The current study focuses on demonstrating the effectiveness of geometric optimizations, such as increasing inlet width and reducing the pre-bend contraction angle. Understanding the mechanisms behind these improvements is equally critical. Future work will aim to provide deeper mechanistic insights by integrating entropy generation contours with detailed flow analyses or adding advanced modal decomposition techniques like Dynamic Mode Decomposition [34] to make a quantitative assessment of how specific modifications suppress detached vortices or reduce turbulent kinetic energy dissipation. To further enhance the overall performance of the design, integration of multi-objective optimization algorithms (e.g., NSGA-II) with entropy generation analysis will be explored, targeting simultaneous improvements in efficiency, cavitation performance, and off-design stability, thereby providing more optimized designs for future engineering applications.

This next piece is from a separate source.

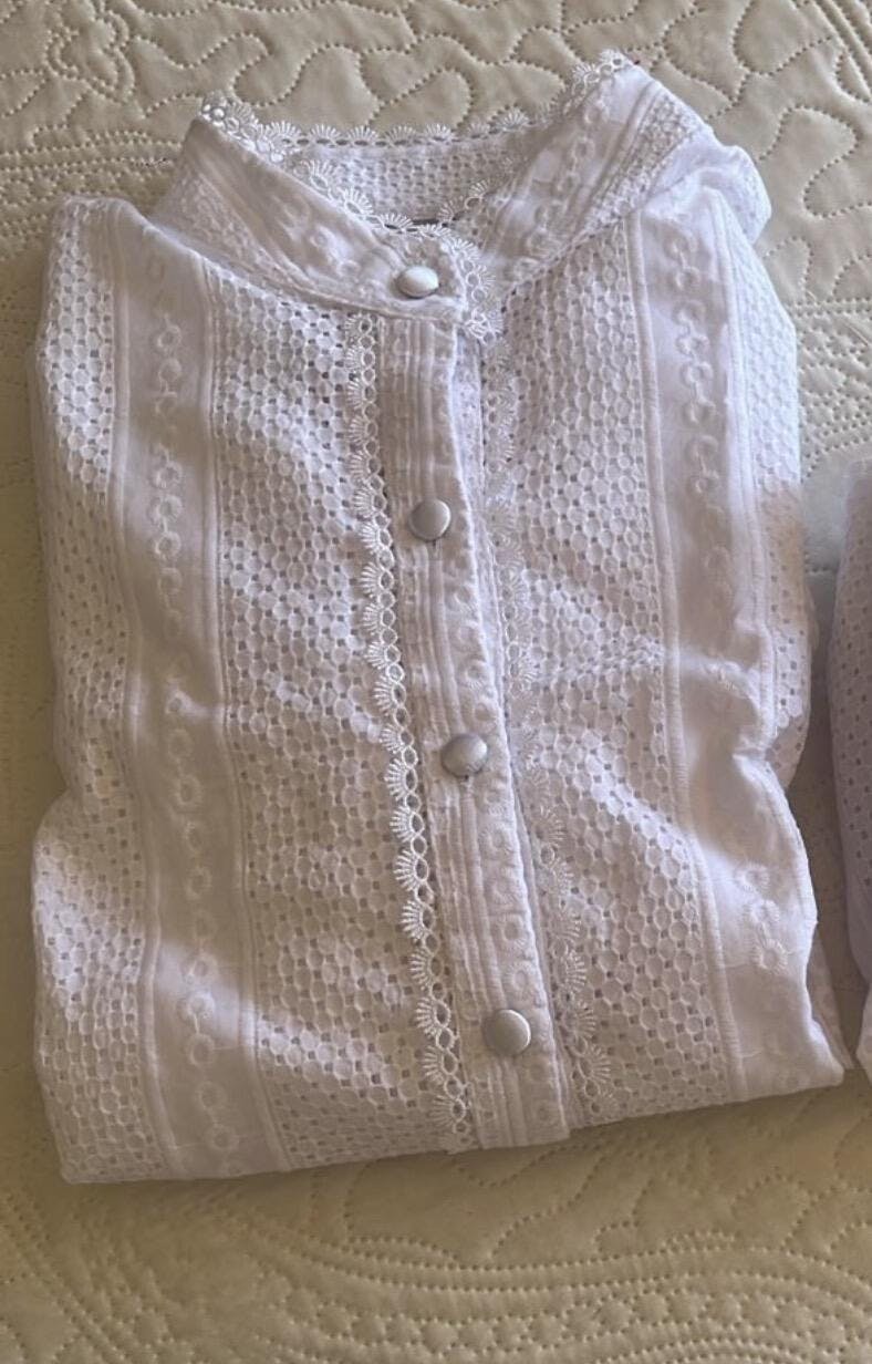 Hecho 100% en algodón orgánico, el Top Raíz combina frescura y suavidad, realzado por una delicada tira bordada que aporta textura y resalta su esencia artesanal. Su acabado tipo lace refuerza el carácter atemporal de la pieza, mientras que el diseño de cuello y puños con remates sutiles y los botones forrados en algodón subrayan la intención artesanal en cada costura.

Complementing this design-oriented direction, high-resolution experimental techniques—such as X-ray PIV or ultrafast tomographic PIV—could be employed to visualize the transient dynamics within entropy generation hotspots, enabling real-time diagnosis and control of flow separation. These combined efforts aim to advance beyond conventional CFD-experiment validation toward more intelligent and adaptive hydraulic systems.